**What you need to do**
Using the data that follows, output only the lines from the line with "Fluffy Bebek Battaniyesi" up to and including the line with "Constructed from 100%", exactly, leaving pictures aside.

**Supplied records**
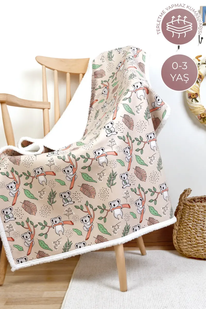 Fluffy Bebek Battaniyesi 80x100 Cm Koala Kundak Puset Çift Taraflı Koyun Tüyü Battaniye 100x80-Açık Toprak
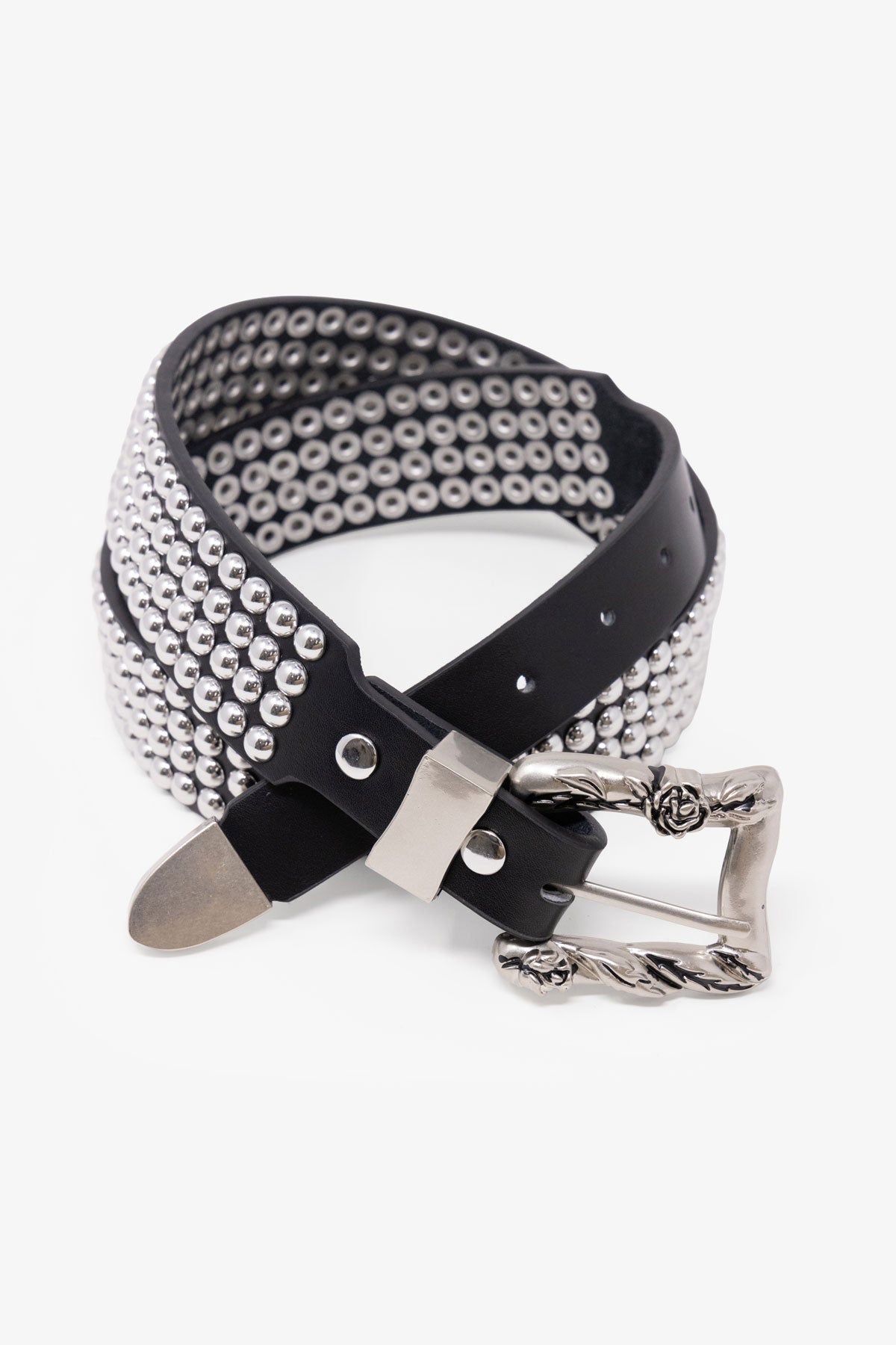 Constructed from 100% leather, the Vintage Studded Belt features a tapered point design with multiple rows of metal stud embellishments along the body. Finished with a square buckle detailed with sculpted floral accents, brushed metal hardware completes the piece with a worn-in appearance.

---

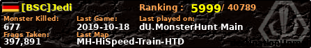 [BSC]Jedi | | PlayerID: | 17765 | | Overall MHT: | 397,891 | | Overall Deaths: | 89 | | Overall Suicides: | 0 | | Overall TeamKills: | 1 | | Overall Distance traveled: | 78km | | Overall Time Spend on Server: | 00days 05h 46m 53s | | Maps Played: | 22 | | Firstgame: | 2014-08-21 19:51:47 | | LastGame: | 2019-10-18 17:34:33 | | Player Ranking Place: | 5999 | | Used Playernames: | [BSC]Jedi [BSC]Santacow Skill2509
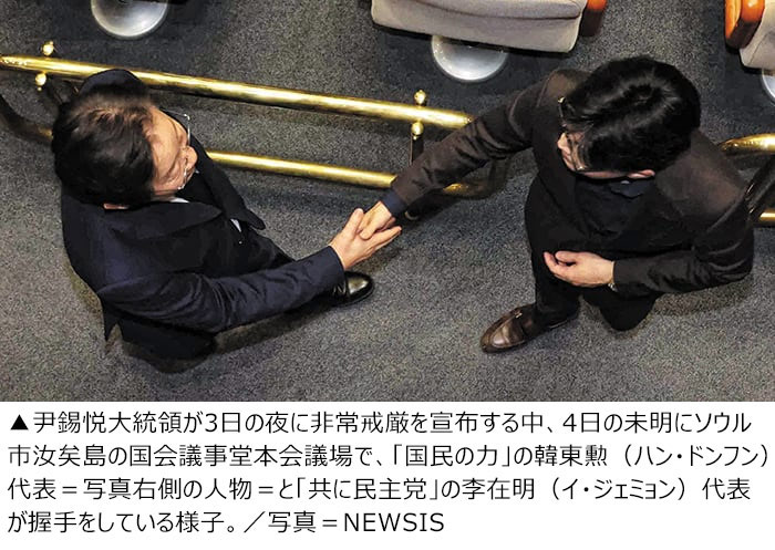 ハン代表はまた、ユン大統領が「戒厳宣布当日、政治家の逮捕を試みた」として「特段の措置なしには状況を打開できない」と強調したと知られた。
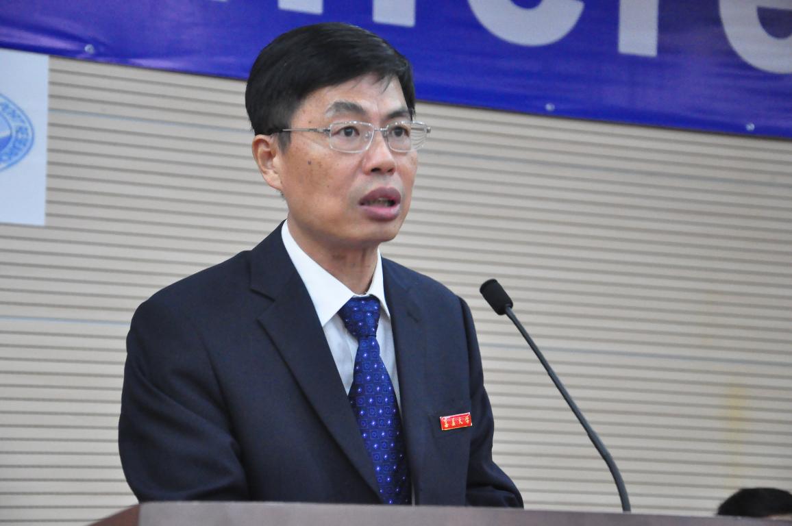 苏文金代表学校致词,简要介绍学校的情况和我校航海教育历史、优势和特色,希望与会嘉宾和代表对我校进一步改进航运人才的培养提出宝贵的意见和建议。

**Result below**
 Fluffy Bebek Battaniyesi 80x100 Cm Koala Kundak Puset Çift Taraflı Koyun Tüyü Battaniye 100x80-Açık Toprak
 Constructed from 100% leather, the Vintage Studded Belt features a tapered point design with multiple rows of metal stud embellishments along the body. Finished with a square buckle detailed with sculpted floral accents, brushed metal hardware completes the piece with a worn-in appearance.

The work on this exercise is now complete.